World leaders agreed to lift their collective output by an extra 2 percent by 2018 despite uneven growth in the world economy.
The G20 leaders ended their meeting in Turkey by endorsing plans to address the refugee crisis, taxation, climate change, cyber security and inequality.
“We remain committed to achieving our ambition to lift collective G20 GDP by an additional 2 percent by 2018,” the leaders said in a final communique.
“Our top priority is timely and effective implementation of our growth strategies that include measures to support demand and structural reforms.”
The G20, a grouping of the world’s leading economies, said it will “carefully calibrate” and “clearly communicate” policy decisions amid expectations of a US interest rate hike, possibly in December.
The communique, largely unchanged from the draft document reported by Reuters on Sunday, also emphasised previous exchange rate commitments and pledges to resist protectionism.
But at least one delegate noted the difficulty of coordinating policy at a time when growth is patchy, and economies diverge sharply.

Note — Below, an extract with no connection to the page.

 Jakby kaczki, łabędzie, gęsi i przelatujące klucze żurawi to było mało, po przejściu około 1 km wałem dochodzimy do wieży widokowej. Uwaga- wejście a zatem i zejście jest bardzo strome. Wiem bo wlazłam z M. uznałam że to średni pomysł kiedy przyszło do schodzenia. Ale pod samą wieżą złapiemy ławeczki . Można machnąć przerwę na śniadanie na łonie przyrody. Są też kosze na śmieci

“We have seen economic trends, as well as policies of major economies, have displayed different directions and it has become more necessary to coordinate macroeconomic policies,” Wang Xiaolong, China’s special envoy on G20 affairs, said.
“The difficulty in such coordination is also rising. We have seen that trade is declining as well as commodity prices which continue to fluctuate… and there have been some fluctuations on the financial markets.”

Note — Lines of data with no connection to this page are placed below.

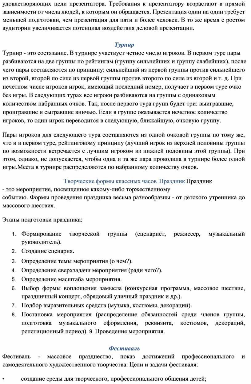 2. Выбор формы воспитательной работы, определение жанра и название мероприятия.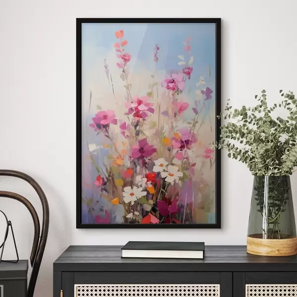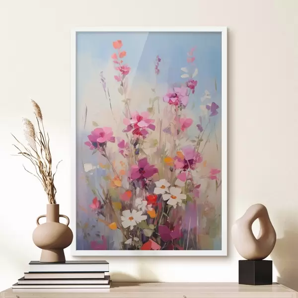 Poster Fiori dai vivaci colori rosa, bianco e verde su uno sfondo tenue dai toni pastello Nr f46278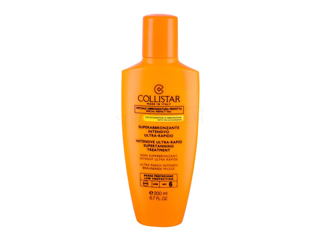 Collistar Special Perfect Tan Intensive Ultra-Rapid Supertanning aktivator za hitro porjavitev z zaščito pred soncem, ocenjeno s SPF6. Je revolucionarni izdelek, ki pospeši in poveča proizvodnjo melanina, s tem pa pospeši in zagotovi naravno porjavelost, tudi ko sonce ni zelo aktivno. Kompleks Unipertan® z oleoiltirozinom, beta-karotenom in korenčkovim ekstraktom omogoča hitro porjavitev, zaščita pred UVA/UVB žarki, ozonom, infrardečim sevanjem in prostimi radikali pa poskrbi, da bo vaše sončenje brez skrbi. Kožo vlaži in mehča, je vodoodporen, ima prijeten vonj in primeren za telo in obraz.

Diverging monetary policy has been a thorny issue for financial markets and policymakers this year, as the US Federal Reserve looks likely to hike rates, while much of the rest of the world struggles to kick-start growth.

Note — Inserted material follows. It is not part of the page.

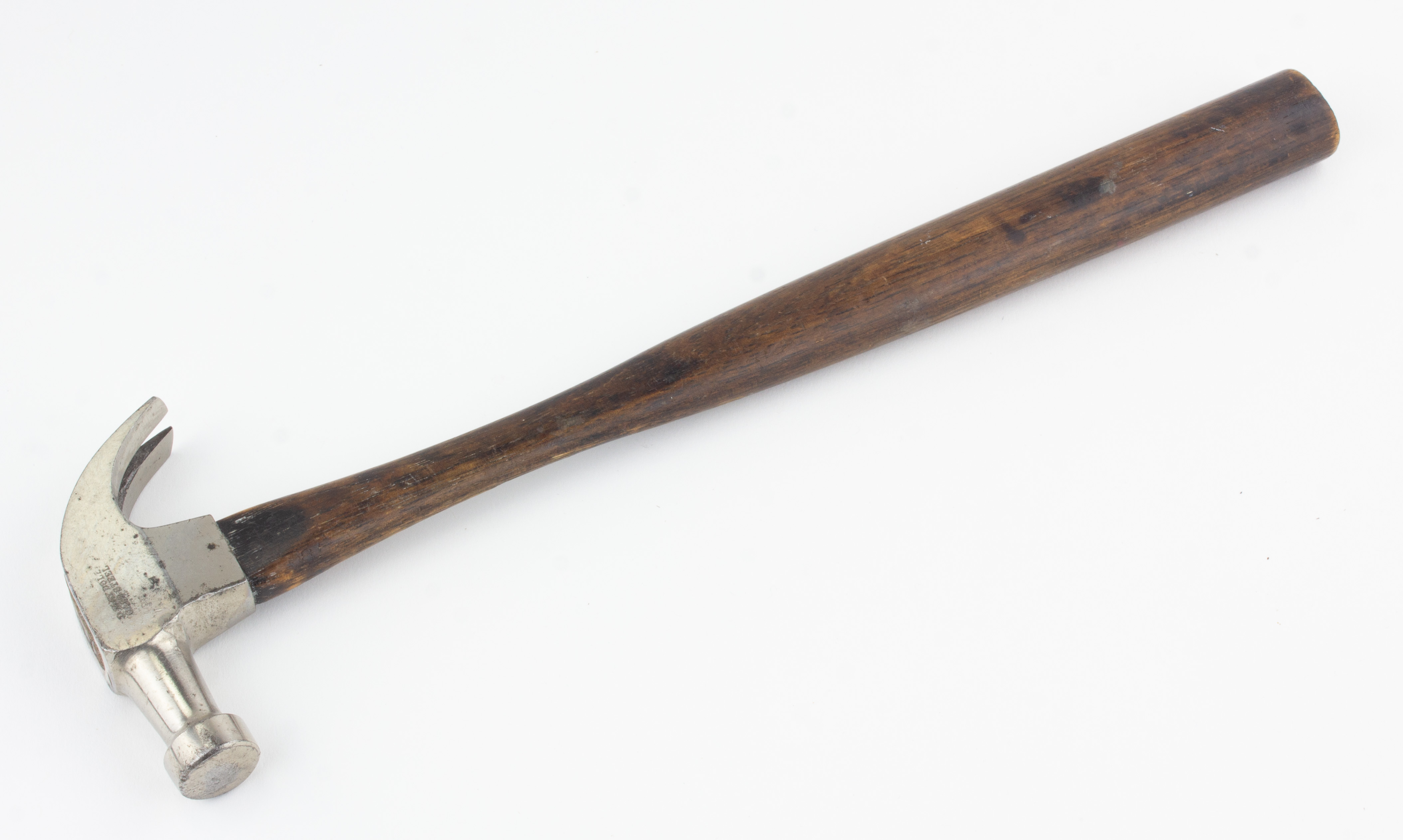 B67-762 SMALL CLAW HAMMER. Maydole. 3-1/2" long head, nickel plated, 10-3/8" handle looks ebonized and worn. Not sure if this was decorative or for delicate use but is well made. From the collection of David Jeffers. Good+ 50-100

Expectations of a US hike have boosted the dollar, often to the detriment of emerging market currencies.
In sharp contrast to the United States, much of the rest of the world, including China, remains vulnerable.
The European Central Bank has underlined readiness to extend money printing to boost weak growth and inflation in the euro zone.
Data from Japan on Monday showed the world’s third-largest economy slipped into a recession in July-September.
The leaders also endorsed measures to tackle corporate tax avoidance, although questions remain about whether countries will follow through on the plans or leave loopholes that multinationals can exploit.